Judi Bari’s Legacy

As I watched Democracy Now! livestream the People’s Climate March in New York City on Sunday, September 21, 2014—the autumn equinox—I pondered what I would have worn and carried as a sign or prop.  Then it dawned on me like a V-8 moment:  I’d be wearing a spotted owl mask, a t-shirt that reads, simply, “Labor,” and I would have carried a photo of deceased Earth First !and labor organizer Judi Bari.  Why?  I came of age during the anti-nuke movement and was a leader in the Student Environmental Action Coalition (SEAC) in 1990-1992.  While our 1990 student gathering at University of Ilinois, Champaign-Urbana campus felt historic (now the campus is historic for a different, infuriating reason), I was SEAC’s Maine state coordinator at the time, and don’t remember knowing it was “the largest ever radical student gathering in U.S. history” until I read a brief reference to this in Max Elbaum’s Revolution in the Air (p.296). At the time of the conference, the buzz was all about connecting social and environmental issues more closely.  No one represented the social/ecological connection better at the time than labor/ Earth First! activist Judi Bari because we felt the FBI had bombed her months earlier.  We didn’t need to wait for the investigation’s findings.

When the news arrived that Judi Bari’s car had been bombed on May 24, 1990,  a few months before our historic conference, my activist circles, which had grown to encompass my participation in in Burlington, Vermont’s Left Green Network, viscerally felt the attack.  We immediately knew the FBI was the culprit.  Why?  We knew the labor/ ecology alliance was the essential alliance necessary to challenge capitalism’s divide and conquer strategy of pitting two forms of variable capital–human labor and natural resources–against each other.  The liberal arts college I attended at the time, College of the Atlantic, offered one degree in Human Ecology, and it was taught in courses that we can not solve nature problems without solving people problems too.  All the way across the country, in the Pacific Northwest, it was spotted owls or logging jobs, right?  Wrong.  Bari, and many others who shared her views, including her tireless comrade and posthumous legal advocate, Darryl Cherney, went up against the monolithic truism, jobs or owls, at great sacrifice.  We saw that legacy on September 21st in Manhattan’s streets.

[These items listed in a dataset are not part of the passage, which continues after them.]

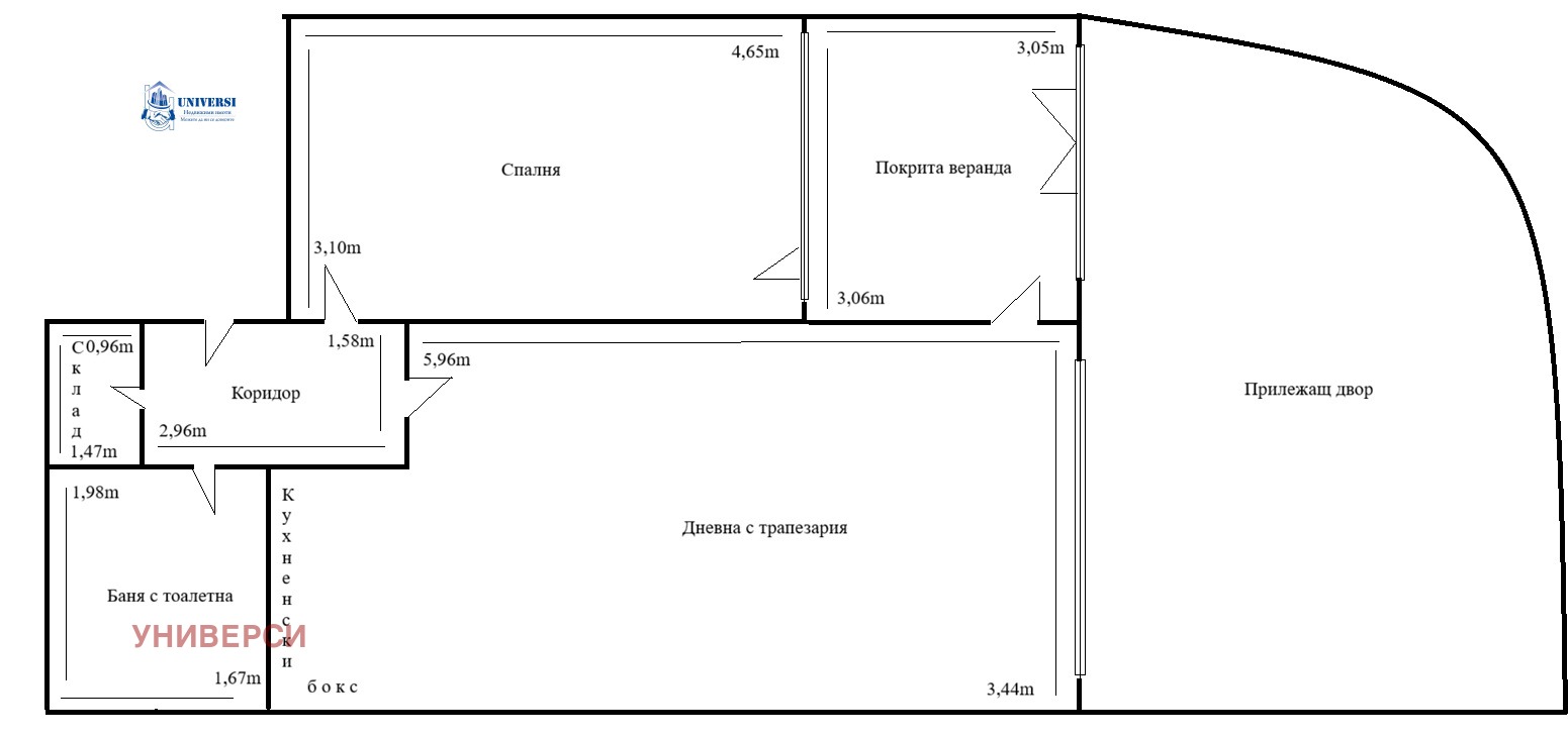 Основно предимство на имота са наличната покрита веранда, както и прилежащия двор, с площ от 34,70м2.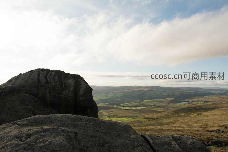 前景中一块巨大岩石形成深色剪影,背景是延展至天际的广阔山谷,点缀着绿色田野和远处的风力发电机,在云层变幻的天空下尽显自然的恢弘与宁静。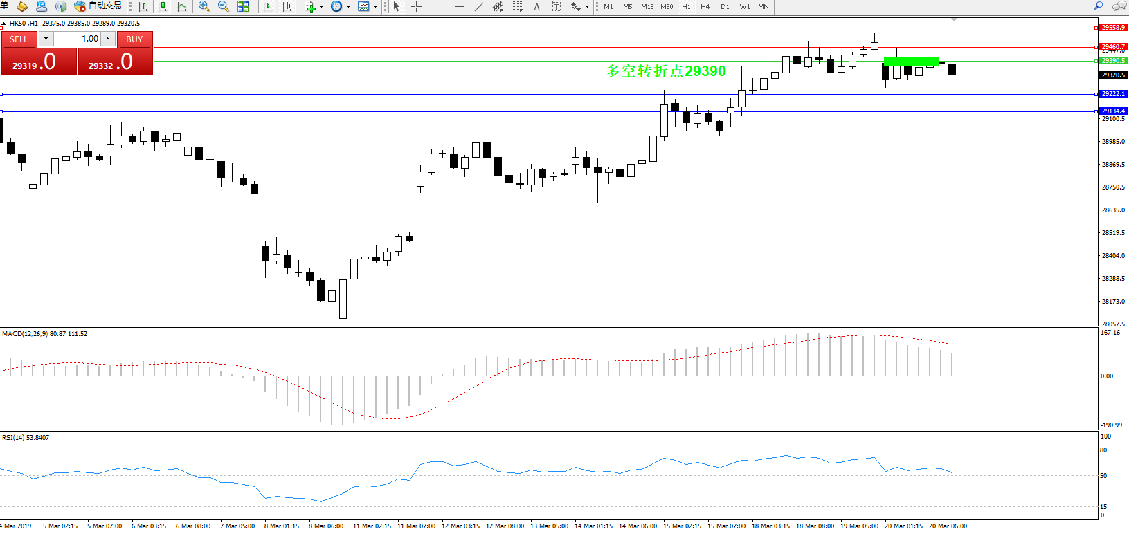 香港恒生指数收盘跌0.5%至29320.97点,权重蓝筹股业绩前后的炒作暂时是最大的助力,另外A股以及美股走势仍是高位震荡向上,亦助恒指升情未完。板块方面,软件、产业信托及内房股似有接力炒作的现象,可留意相关股份公布业绩前后股价表现。美联储利率决议按兵不动,下调利率“点阵图”、下修经济增长与通胀预期,宣布将逐步停止“缩表”,政策鸽派程度高于预期。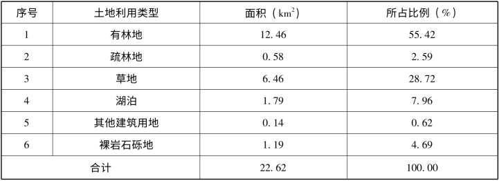 流域内主要的土地利用类型为有林地,约占流域总面积的55%;其次是草地、湖泊等。土地利用状况见表3 -21。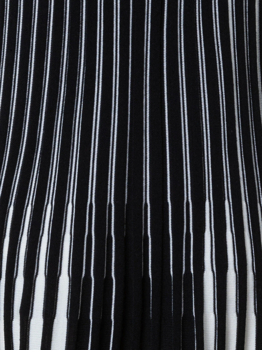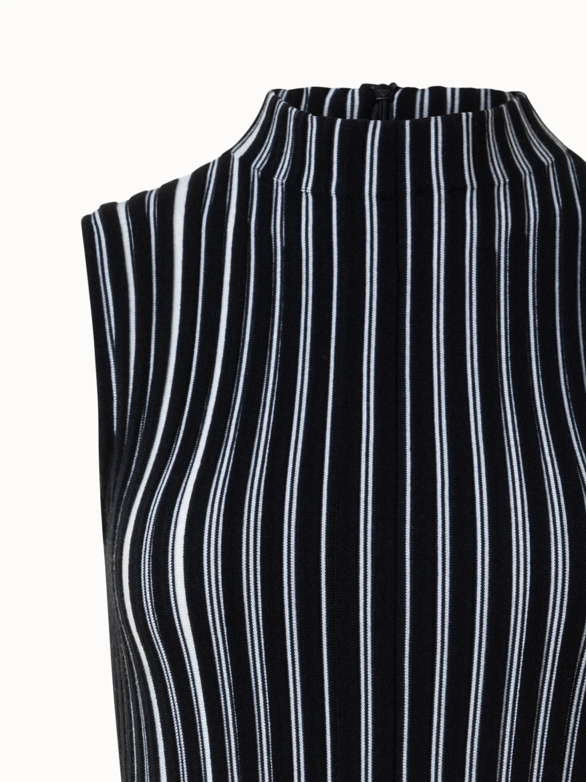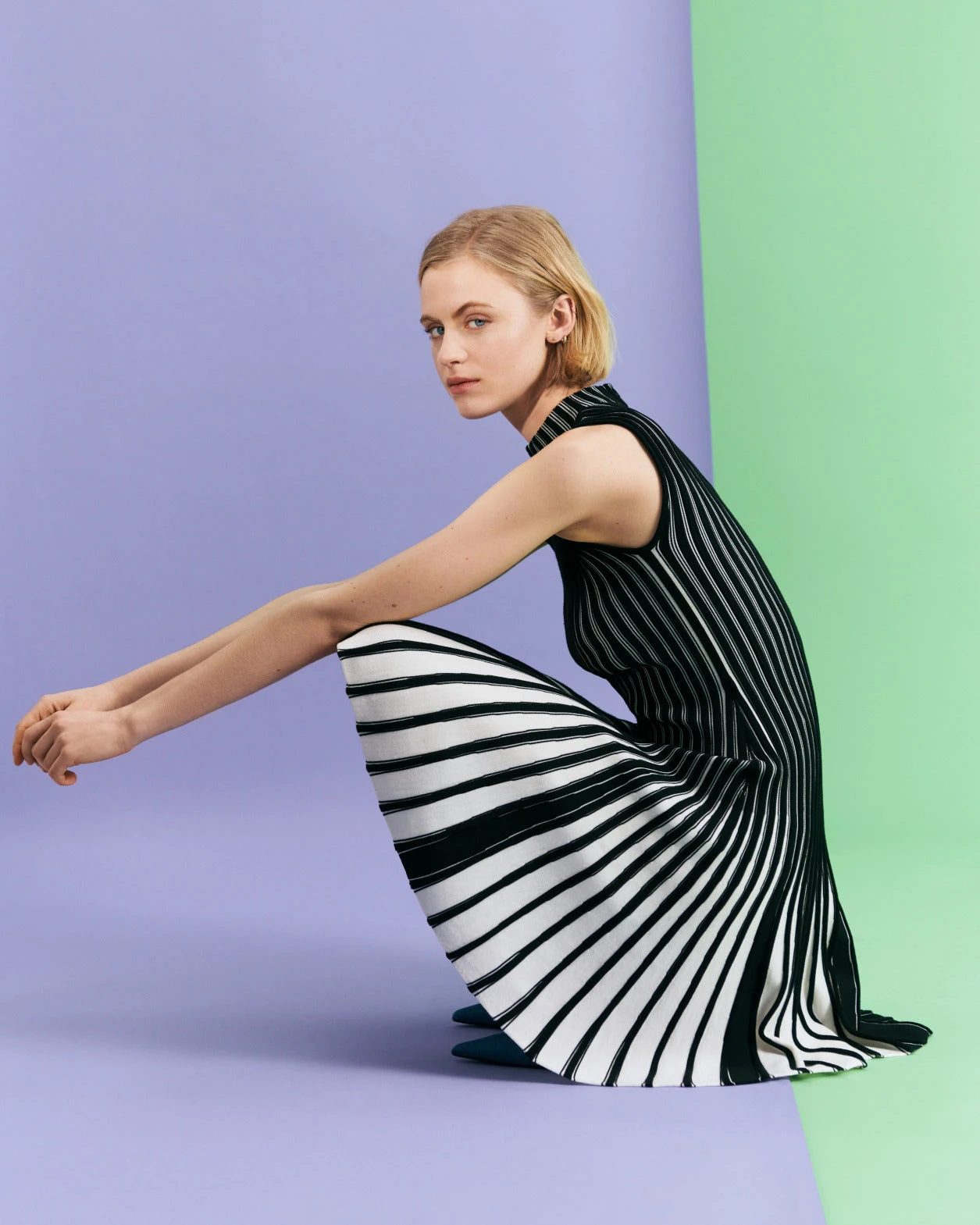 This Akris punto dress is crafted in a two-tone merino wool knit with a striped, ribbed structure. The fitted top and flared skirt create a flattering silhouette. Closes with a back zip.

The disaggregating and abstract social media spectacle of contemporary U.S. protest–from Oakland, to Ferguson, to Newark and Manhattan– evokes an inspiring insurrectionary spirit, but we need to connect the dots so we can connect all the struggles better.  Livestreaming video from Ferguson, as of September 20, 2014, indicates things are heating up, not simmering down, there, and the People’s Climate March floods  (as opposed to finance policy’s supposed trickle effect) Wall Street on Monday, September 22, in what promises to be another Occupy movement challenge to the psychotically defensive 1%.  The disaggregated dots of upheaval have one main connection: ecocide is genocide.  As wealth concentrates, populations and places become a dispensable burden, or as the late Marxist feminist theorist, Teresa Brennan, always emphasized, the preservation of the 99%  and our forests, oceans, skies, and all earthly creatures, become a “slag on the system” of instantly gratifying, and psychotically attained, profit.

Make no mistake: we are viewed as slags on the system.  That’s why the U.S. bombed Judi Bari; she was offering another way for labor and ecology.  That’s why mass incarceration  and police murders of black and brown people continue; the Fight for $15, the public education movement, and prison abolition/ decarceration efforts threaten to lift socio-economic repression, demolish the school to prison pipeline, and demand economic justice.  Finally, that’s why the environmental movement has been co-opted, “Incorporated”  (my livestream screen surreally flashed Pampers diaper commercials while I watched the People’s Climate March and we all know what’s in our landfills, don’t we?).  The system knows the 99% is far from slagging in the streets of America, and, like us, it will do what it has to do to survive (by any means necessary?) Judi Bari’s legacy reminds us that the climate justice movement is not a place to run and hide from the harder hitting anti-policing struggles exploding in U.S. communities–if we connect all the dots.  Remember, our precious automobiles are not just polluting our planet.  They are hiding places for one of the corporate state’s most abominable “means” to their ends of total control–their bombs.  One of the most macabre reasons to ride your bike instead, but a very important reason nonetheless.